Spatially continuous learning systems: artificial neural networks in a bulk material continuum

• Published in: 9th International Conference on Artificial Neural Networks: ICANN '99 pp. 479 - 484
• Main Authors: Steck, J.E, Skinner, S.R, Cruz-Cabrera, A.A, Mingtao Yang, Behrman, E.C
• Format: Conference Proceeding Journal Article
• Language: English
• Published: London IEE 1999
• Subjects: Beam trapping, self focusing, thermal blooming, and related effects; Learning in AI; Neural computing techniques; Neural nets; Optical computers, logic elements, and interconnects; Optical computing techniques; Optical logic devices and optical computing techniques; Optical materials; Optical self-focusing and related effects; Other optical materials; spatially continuous learning systems; gradient descent optimization; information laser beam; optical neural nets; bulk Kerr-type nonlinear optical material; 3rd order χ3 optical nonlinearity; optical Kerr effect; feedforward continuum artificial neural networks; ZnSe; bulk material continuum; II-VI semiconductors; error backpropagation method; backpropagation; nonlinear optical susceptibility; trainable computational devices; zinc compounds; nonlinear neuron processing; learning (artificial intelligence); optical materials; feedforward neural nets
• ISBN: 0852967217; 9780852967218
• ISSN: 0537-9989
• DOI: 10.1049/cp:19991155

Artificial (and biological) neural networks are usually envisioned as a collection of massively connected discrete nonlinear processors. There is a finite number of neurons and each neuron can be individually identified and occupies a certain location in 2D or 3D space. There are also numerous but a finite number of interconnections between neurons. A major hurdle, when attempting to build neural networks in hardware is implementing the massive number of these physical interconnections required for all but the simplest applications.

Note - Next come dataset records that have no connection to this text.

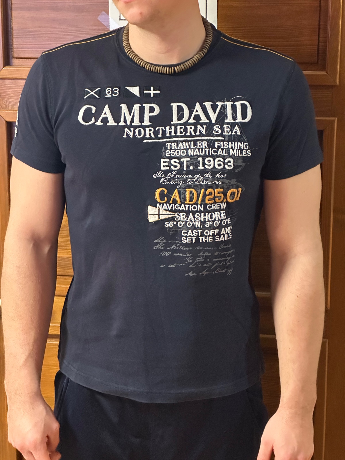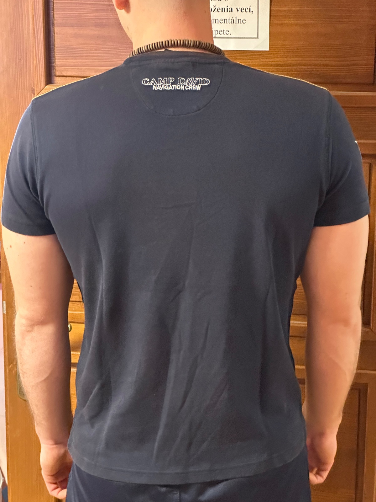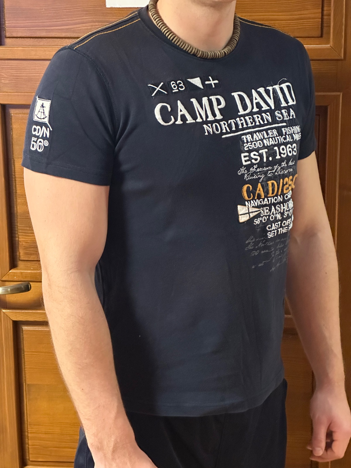 Na rukáve sa nachádza menšia aplikácia. Na zadnej strane pri krku je menší vyšívaný nápis Camp David Navigation Crew.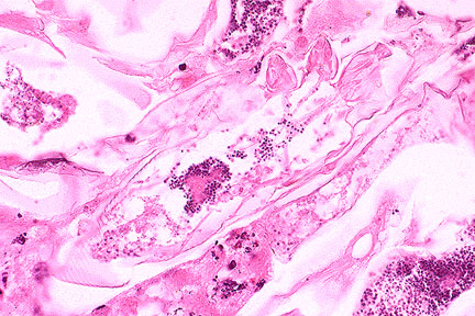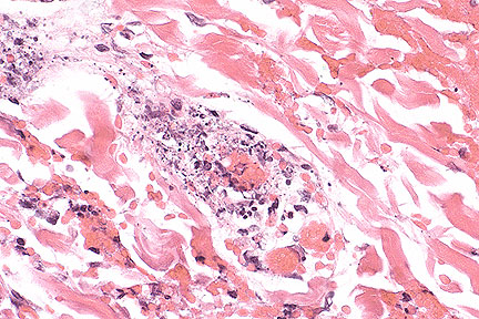 Gross Pathology: Necropsy examination of the affected pigs showed acute fibrinosuppurative bronchopneumonia and pleuritis. Most of the affected pigs had dark reddish-blue discoloration of the ear margins along with multiple 1 to 3 cm well demarcated dark reddish-blue cutaneous lesions distributed mainly along the ventral and lateral thorax and abdomen. Thoracic and abdominal cavities often contained turbid yellow fluid and strands of fibrin. Joints often contained similar appearing fluid. The spleens were enlarged and meaty.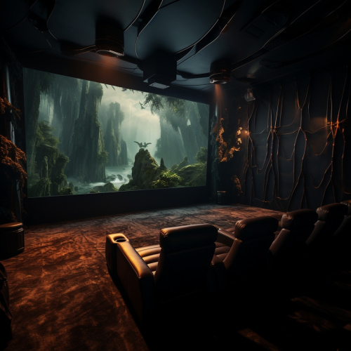 A very small ball, the size of a tennis ball, is on a very small round table. You can see the left wall, the front wall and the ceiling a little. You can't see the right wall. It's all in the living room. The ball projects a movie on the left wall and the ceiling, not on the front wall or the right wall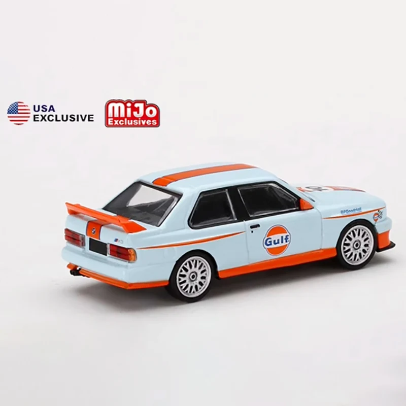 This exquisite diecast model car, representing the iconic M3 E30, is a must-have for seasoned collectors. Drenched in a stunning light blue finish with vivid orange and white graphics, this model embodies both elegance and a sporty aesthetic. Crafted with meticulous attention to detail, it features sharply defined body lines, realistic window frames, and striking white wheels with orange accents. The durable alloy and plastic construction ensures this model remains a cherished piece in your collection. Picture it nestled among your display, drawing admiration for its fine craftsmanship. Elevate your collector's shelf with this remarkable piece that transforms admiration into ownership.

As an alternative, the paper describes the physical development of trainable computational devices implemented in bulk materials as feedforward continuum artificial neural networks (CANNs). Nonlinear neuron processing and connectivity are a natural result of the linear and nonlinear physical processes inherent in the bulk material in which the network is implemented. These physical processes can be externally controlled and the control mechanism can be trained by an error backpropagation method based on gradient descent optimization. When trained, the physical systems can function as a feedforward artificial neural networks. An example is presented where a feedforward artificial neural network is implemented in a cube of Zinc Selenide, a bulk Kerr-type nonlinear optical material. Inputs are encoded as patterns on an information laser beam propagating through the material. Nonlinear neuron processing results from the 3rd order χ3 optical nonlinearity of the material. Connectivity and weighting results from optical paths created in the material by a trainable weight pattern imposed on an additional weighting laser beam which propagates through the material along with the input information beam.